How to work with Grafana Data in Apache Spark using SQL

Jerod Johnson
Jerod Johnson
Director, Technology Evangelism
Access and process Grafana Data in Apache Spark using the CData JDBC Driver.

Apache Spark is a fast and general engine for large-scale data processing. When paired with the CData JDBC Driver for Grafana, Spark can work with live Grafana data. This article describes how to connect to and query Grafana data from a Spark shell.

The CData JDBC Driver offers unmatched performance for interacting with live Grafana data due to optimized data processing built into the driver. When you issue complex SQL queries to Grafana, the driver pushes supported SQL operations, like filters and aggregations, directly to Grafana and utilizes the embedded SQL engine to process unsupported operations (often SQL functions and JOIN operations) client-side. With built-in dynamic metadata querying, you can work with and analyze Grafana data using native data types.

Install the CData JDBC Driver for Grafana

Download the CData JDBC Driver for Grafana installer, unzip the package, and run the JAR file to install the driver.
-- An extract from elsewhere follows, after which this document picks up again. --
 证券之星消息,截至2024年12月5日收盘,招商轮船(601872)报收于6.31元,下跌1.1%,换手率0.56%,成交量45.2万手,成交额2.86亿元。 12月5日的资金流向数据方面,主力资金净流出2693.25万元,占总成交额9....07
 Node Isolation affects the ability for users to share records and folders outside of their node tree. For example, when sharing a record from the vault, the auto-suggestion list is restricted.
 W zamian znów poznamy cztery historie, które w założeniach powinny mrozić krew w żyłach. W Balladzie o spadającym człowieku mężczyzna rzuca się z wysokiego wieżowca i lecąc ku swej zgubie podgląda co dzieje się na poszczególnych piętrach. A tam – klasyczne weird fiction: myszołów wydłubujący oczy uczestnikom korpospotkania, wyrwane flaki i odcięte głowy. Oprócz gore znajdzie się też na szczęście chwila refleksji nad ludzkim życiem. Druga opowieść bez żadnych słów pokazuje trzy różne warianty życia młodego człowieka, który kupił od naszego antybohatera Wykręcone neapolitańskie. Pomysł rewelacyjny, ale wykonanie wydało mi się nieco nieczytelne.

Start a Spark Shell and Connect to Grafana Data

  1. Open a terminal and start the Spark shell with the CData JDBC Driver for Grafana JAR file as the jars parameter:
    $ spark-shell --jars /CData/CData JDBC Driver for Grafana/lib/cdata.jdbc.api.jar
    
  2. With the shell running, you can connect to Grafana with a JDBC URL and use the SQL Context load() function to read a table.

    Start by setting the Profile connection property to the location of the Grafana Profile on disk (e.g. C:\profiles\Grafana.apip). Next, set the ProfileSettings connection property to the connection string for Grafana (see below).
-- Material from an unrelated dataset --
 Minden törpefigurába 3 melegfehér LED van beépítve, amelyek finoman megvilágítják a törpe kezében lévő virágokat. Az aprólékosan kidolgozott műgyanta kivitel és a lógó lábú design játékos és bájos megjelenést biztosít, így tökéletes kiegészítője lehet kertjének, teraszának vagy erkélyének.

    Grafana API Profile Settings

    In Grafana, navigate to Administration > Users and Access > Service accounts, create a service account, then click Add service account token to generate a token.

    Built-in Connection String Designer

    For assistance in constructing the JDBC URL, use the connection string designer built into the Grafana JDBC Driver. Either double-click the JAR file or execute the jar file from the command-line.

    java -jar cdata.jdbc.api.jar
    

    Fill in the connection properties and copy the connection string to the clipboard.

    Configure the connection to Grafana, using the connection string generated above.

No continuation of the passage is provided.